# File Processor
1. pdf 파일을 읽어서 chunking 작업을 수행
2. 저장된 chunk들에 대해 embedding 작업을 수행
3. embedding 된 내용을 vector store (opensearch)에 저장


## 0. Prerequisites

In [None]:
%load_ext autoreload
%autoreload 2
%pip install ipywidgets

### 1. PDF 처리 후 Chunking

In [None]:
from pathlib import Path

input_file = 'data/bedrock-ug.pdf'
chunk_size = 1000
start_page = 15

# Additional Parameters for Contextual Retrieval
add_contextual = True
document_size = 20000

document_name = Path(input_file).resolve().stem
document_name

#### Split Document into chunked format

In [None]:
from helpers.document_helper import DocumentHelper

chunked_document = DocumentHelper.split(full_text=DocumentHelper.load_pdf(input_file, start_page=start_page), chunk_size=chunk_size, max_document_length=document_size if add_contextual else -1)

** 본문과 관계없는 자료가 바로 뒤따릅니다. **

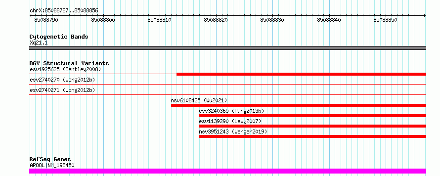 Variant DetailsVariant: essv6849960| Internal ID | 10248445 | | Landmark | | | Location Information | | | Cytoband | Xq21.1 | | Allele length | | Assembly | Allele length | | hg38 | 70 | | hg19 | 70 |
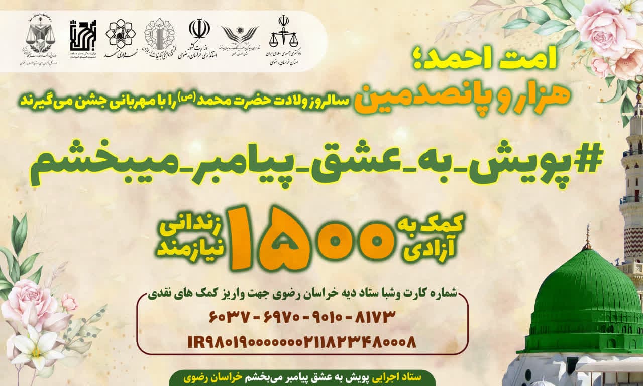 به گزارش رضوانیون، حجتالاسلام محمد سلطانی رییس شورای هماهنگی تبلیغات اسلامی خراسان رضوی بیان کرد: «به مناسبت میلاد پیامبر گرامی اسلام، تفاهمنامهای بین شورای هماهنگی تبلیغات اسلامی و ستاد دیه استان منعقد شد تا در قالب پویش «به عشق پیامبر میبخشیم»، زمینه آزادی ۱۵۰۰ زندانی مؤثر و غیرعمد فراهم شود. این اقدام بخشی از برنامه ملی آزادسازی ۱۷ هزار زندانی در سراسر کشور است.»

# save result into json file
output_file = f"output/{document_name}_{chunk_size}{"_situated" if add_contextual else ""}_chunks.json"

import json
with open(output_file, 'w', encoding='utf-8') as f:
    json.dump(chunked_document, f, ensure_ascii=False, indent=2)
    print(f"Chunks saved to {output_file}")



### 2. Progress Embedding

### 2-0. Load Requirement

In [None]:
from libs.bedrock_service import BedrockService
from libs.opensearch_service import OpensearchService

from config import Config
config = Config.load()
config.__dict__


In [None]:
bedrock_service = BedrockService(config.aws.region, config.aws.profile, config.bedrock.retries, config.bedrock.embed_model_id, config.bedrock.model_id, config.model.max_tokens, config.model.temperature, config.model.top_p)
opensearch_service = OpensearchService(config.aws.region, config.aws.profile, config.opensearch.prefix, config.opensearch.domain_name, config.opensearch.document_name, config.opensearch.user, config.opensearch.password)


### 2-1. Situate Document

In [None]:
temperature = 0.0
top_p = 0.5

In [None]:
import json
import time
from tqdm.notebook import tqdm

if add_contextual:
    chunked_file = f"output/{document_name}_{chunk_size}{"_situated" if add_contextual else ""}_chunks.json"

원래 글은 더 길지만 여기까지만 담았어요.